Excel Snapshot Testing with Node

After working on PDF snapshot testing with Node and GraphicsMagick, I needed to write code to generate downloadable Microsoft Excel Workbook files. I decided to use snapshot comparisons again, similar to what I did with PDF files, to automatically detect regressions in the implementation.

Instead of using a visual approach like with PDF snapshot testing, I chose to deconstruct the Excel Workbook file and display the differences of the individual files within it. These files are stored as XML, and when formatted properly, they are readable enough for humans.

Setup

I used several Node modules to simplify the code. To install these Node modules, you can use:

yarn add adm-zip lodash diff xml-formatter colors

Code

First, we define the paths to store our expected and actual Excel files. The Excel Workbook files are stored in a sub-directory (__xlsx-snapshots) to keep them close to our test code and easy to find.

const reportPath = path.join(__dirname, '__xlsx-snapshots');
const actualFileName = path.join(reportPath, 'actual.xlsx');
const expectedFileName = path.join(reportPath, 'expected.xlsx');

Next, we define a simple function to fetch the Excel Workbook file from our server. In this case, we generate the Excel Workbook on the fly (using js-xlsx) and send it to the client.

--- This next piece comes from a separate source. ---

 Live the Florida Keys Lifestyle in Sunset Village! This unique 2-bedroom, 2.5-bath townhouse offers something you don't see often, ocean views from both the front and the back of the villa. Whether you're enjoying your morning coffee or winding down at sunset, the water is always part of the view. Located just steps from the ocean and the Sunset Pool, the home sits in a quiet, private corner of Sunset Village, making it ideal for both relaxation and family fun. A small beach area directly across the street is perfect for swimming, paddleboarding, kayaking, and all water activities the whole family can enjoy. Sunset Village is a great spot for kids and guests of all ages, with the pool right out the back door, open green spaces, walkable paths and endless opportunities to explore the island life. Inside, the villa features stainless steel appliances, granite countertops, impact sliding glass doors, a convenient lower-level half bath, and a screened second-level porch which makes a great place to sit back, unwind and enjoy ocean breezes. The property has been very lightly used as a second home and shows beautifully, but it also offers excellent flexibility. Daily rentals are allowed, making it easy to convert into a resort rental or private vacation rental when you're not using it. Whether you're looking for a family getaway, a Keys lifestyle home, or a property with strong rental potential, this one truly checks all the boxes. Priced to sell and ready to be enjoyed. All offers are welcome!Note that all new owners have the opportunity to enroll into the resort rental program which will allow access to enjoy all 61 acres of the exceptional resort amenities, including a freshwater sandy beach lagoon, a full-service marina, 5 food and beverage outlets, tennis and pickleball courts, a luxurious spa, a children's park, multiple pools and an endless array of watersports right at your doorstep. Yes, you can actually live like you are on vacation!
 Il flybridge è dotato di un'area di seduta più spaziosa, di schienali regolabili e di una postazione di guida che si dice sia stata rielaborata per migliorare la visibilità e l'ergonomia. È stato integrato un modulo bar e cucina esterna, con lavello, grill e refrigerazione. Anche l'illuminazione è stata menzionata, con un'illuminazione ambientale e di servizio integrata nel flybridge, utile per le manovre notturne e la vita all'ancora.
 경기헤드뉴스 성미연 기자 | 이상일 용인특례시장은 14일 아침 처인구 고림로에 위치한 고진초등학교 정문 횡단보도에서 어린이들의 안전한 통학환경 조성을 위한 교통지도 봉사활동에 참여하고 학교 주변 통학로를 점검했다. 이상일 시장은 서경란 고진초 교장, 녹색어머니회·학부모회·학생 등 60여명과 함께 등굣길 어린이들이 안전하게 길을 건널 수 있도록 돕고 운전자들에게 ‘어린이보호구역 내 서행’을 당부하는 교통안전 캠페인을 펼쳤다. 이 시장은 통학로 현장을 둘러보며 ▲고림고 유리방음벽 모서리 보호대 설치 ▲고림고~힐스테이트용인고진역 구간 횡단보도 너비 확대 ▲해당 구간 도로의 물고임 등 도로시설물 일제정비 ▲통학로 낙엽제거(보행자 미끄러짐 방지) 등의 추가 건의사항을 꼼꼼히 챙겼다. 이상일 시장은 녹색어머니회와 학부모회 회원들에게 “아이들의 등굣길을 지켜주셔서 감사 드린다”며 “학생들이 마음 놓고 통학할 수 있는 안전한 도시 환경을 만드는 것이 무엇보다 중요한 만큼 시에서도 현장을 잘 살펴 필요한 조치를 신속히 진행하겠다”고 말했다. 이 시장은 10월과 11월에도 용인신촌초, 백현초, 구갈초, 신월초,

const getExcelWorkbook = async (id: number) => {
  const workbookUrl = `https://localhost:3100/workbook/${id}`;
  await download(workbookUrl, actualFileName);
};

Then, we define a function to compare our newly generated (actual) Excel Workbook against our expected Excel Workbook. We uncompress the Excel Workbook file (which is a set of XML files in a ZIP archive), read each file, and compare them one by one. If a file doesn't match, we format the XML nicely and output them in a color-coded fashion.

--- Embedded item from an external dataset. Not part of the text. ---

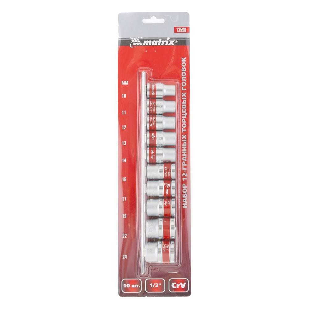 Набор торцевых головок (12-гранные; 1/2"; 10-24 мм; 10 шт.) MATRIX 13596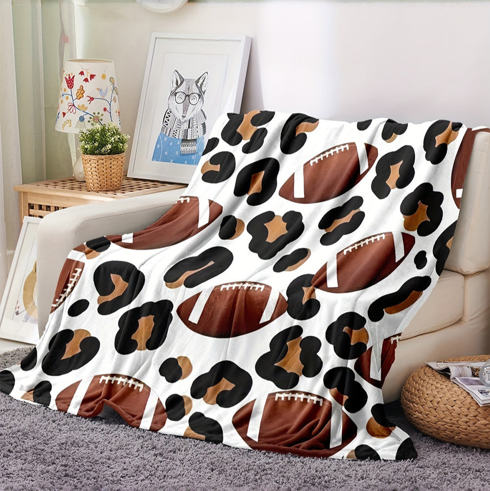 Wrap yourself in cozy style with the White Leopard & Football Print Flannel Blanket. Crafted from soft flannel, this blanket combines bold leopard spots with spirited football motifs, making it perfect for game days or relaxing at home. Its warm, plush texture offers comfort while adding a unique touch to your décor. Ideal for fans who want to stay snug and showcase their passion in a fashionable way.

export const isExcelEqual = (aFilePath: string, bFilePath: string) => {
  const archiveA = getZipAsArchive(aFilePath);
  const archiveB = getZipAsArchive(bFilePath);
  const mismatches = compareArchives(archiveA, archiveB);

  if (mismatches.length > 0) {
    for (const mismatch of mismatches) {
      const results = diff.diffLines(archiveA[mismatch.filePath], archiveB[mismatch.filePath]);
      console.info('-------------------------------------------------------------------------------');
      console.info(`${mismatch.filePath}:`);
      console.info('-------------------------------------------------------------------------------');

      for (const result of results) {
        console.info(trimEnd(colorFormat(result)));
      }

      console.info('-------------------------------------------------------------------------------');
      console.info();
    }
  }

  return mismatches.length === 0;
};

Next, we import some useful Node modules.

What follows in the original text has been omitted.